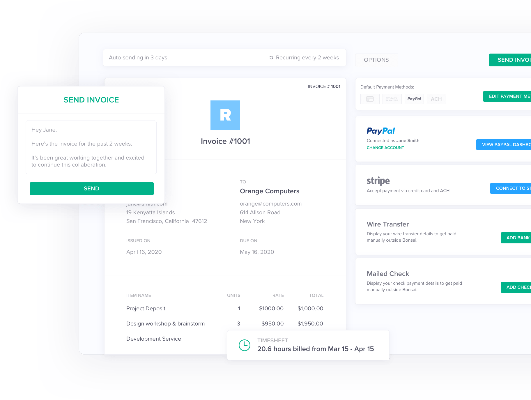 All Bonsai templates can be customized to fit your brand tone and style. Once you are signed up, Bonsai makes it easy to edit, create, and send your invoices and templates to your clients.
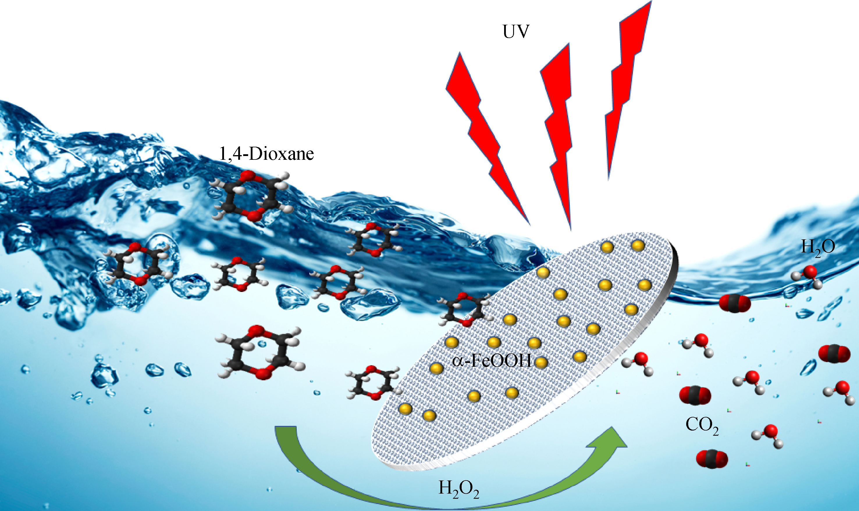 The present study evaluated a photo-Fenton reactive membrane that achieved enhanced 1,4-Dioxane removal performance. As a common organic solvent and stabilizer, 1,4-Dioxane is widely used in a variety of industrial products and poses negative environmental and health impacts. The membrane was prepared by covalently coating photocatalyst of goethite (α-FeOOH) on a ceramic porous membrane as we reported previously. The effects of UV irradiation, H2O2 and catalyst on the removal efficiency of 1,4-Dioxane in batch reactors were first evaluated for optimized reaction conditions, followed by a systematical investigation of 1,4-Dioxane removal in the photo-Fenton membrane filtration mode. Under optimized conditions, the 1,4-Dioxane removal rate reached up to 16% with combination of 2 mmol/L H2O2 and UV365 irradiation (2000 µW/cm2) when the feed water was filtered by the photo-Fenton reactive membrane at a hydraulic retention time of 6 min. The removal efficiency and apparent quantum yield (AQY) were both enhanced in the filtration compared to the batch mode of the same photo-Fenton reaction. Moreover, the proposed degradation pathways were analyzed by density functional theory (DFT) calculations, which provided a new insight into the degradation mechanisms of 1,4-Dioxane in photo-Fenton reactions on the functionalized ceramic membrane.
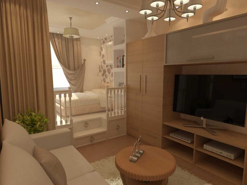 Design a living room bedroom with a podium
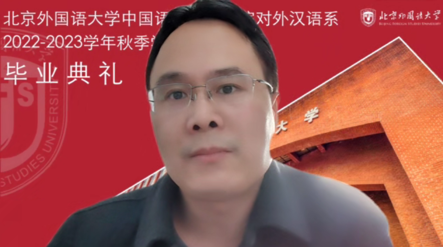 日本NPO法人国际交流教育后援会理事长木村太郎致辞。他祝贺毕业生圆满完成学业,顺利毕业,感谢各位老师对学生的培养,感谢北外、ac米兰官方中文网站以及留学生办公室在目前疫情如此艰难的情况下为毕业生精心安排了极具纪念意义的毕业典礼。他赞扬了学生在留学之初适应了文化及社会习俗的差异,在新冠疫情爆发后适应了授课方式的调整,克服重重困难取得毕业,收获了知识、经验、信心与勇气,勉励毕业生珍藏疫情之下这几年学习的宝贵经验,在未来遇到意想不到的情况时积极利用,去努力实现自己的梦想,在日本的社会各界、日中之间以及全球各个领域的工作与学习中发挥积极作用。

Assignment -
The listing above is to be written out again exactly, with its pictures omitted.

Answer area -
 All Bonsai templates can be customized to fit your brand tone and style. Once you are signed up, Bonsai makes it easy to edit, create, and send your invoices and templates to your clients.
 The present study evaluated a photo-Fenton reactive membrane that achieved enhanced 1,4-Dioxane removal performance. As a common organic solvent and stabilizer, 1,4-Dioxane is widely used in a variety of industrial products and poses negative environmental and health impacts. The membrane was prepared by covalently coating photocatalyst of goethite (α-FeOOH) on a ceramic porous membrane as we reported previously. The effects of UV irradiation, H2O2 and catalyst on the removal efficiency of 1,4-Dioxane in batch reactors were first evaluated for optimized reaction conditions, followed by a systematical investigation of 1,4-Dioxane removal in the photo-Fenton membrane filtration mode. Under optimized conditions, the 1,4-Dioxane removal rate reached up to 16% with combination of 2 mmol/L H2O2 and UV365 irradiation (2000 µW/cm2) when the feed water was filtered by the photo-Fenton reactive membrane at a hydraulic retention time of 6 min. The removal efficiency and apparent quantum yield (AQY) were both enhanced in the filtration compared to the batch mode of the same photo-Fenton reaction. Moreover, the proposed degradation pathways were analyzed by density functional theory (DFT) calculations, which provided a new insight into the degradation mechanisms of 1,4-Dioxane in photo-Fenton reactions on the functionalized ceramic membrane.
 Design a living room bedroom with a podium
 日本NPO法人国际交流教育后援会理事长木村太郎致辞。他祝贺毕业生圆满完成学业,顺利毕业,感谢各位老师对学生的培养,感谢北外、ac米兰官方中文网站以及留学生办公室在目前疫情如此艰难的情况下为毕业生精心安排了极具纪念意义的毕业典礼。他赞扬了学生在留学之初适应了文化及社会习俗的差异,在新冠疫情爆发后适应了授课方式的调整,克服重重困难取得毕业,收获了知识、经验、信心与勇气,勉励毕业生珍藏疫情之下这几年学习的宝贵经验,在未来遇到意想不到的情况时积极利用,去努力实现自己的梦想,在日本的社会各界、日中之间以及全球各个领域的工作与学习中发挥积极作用。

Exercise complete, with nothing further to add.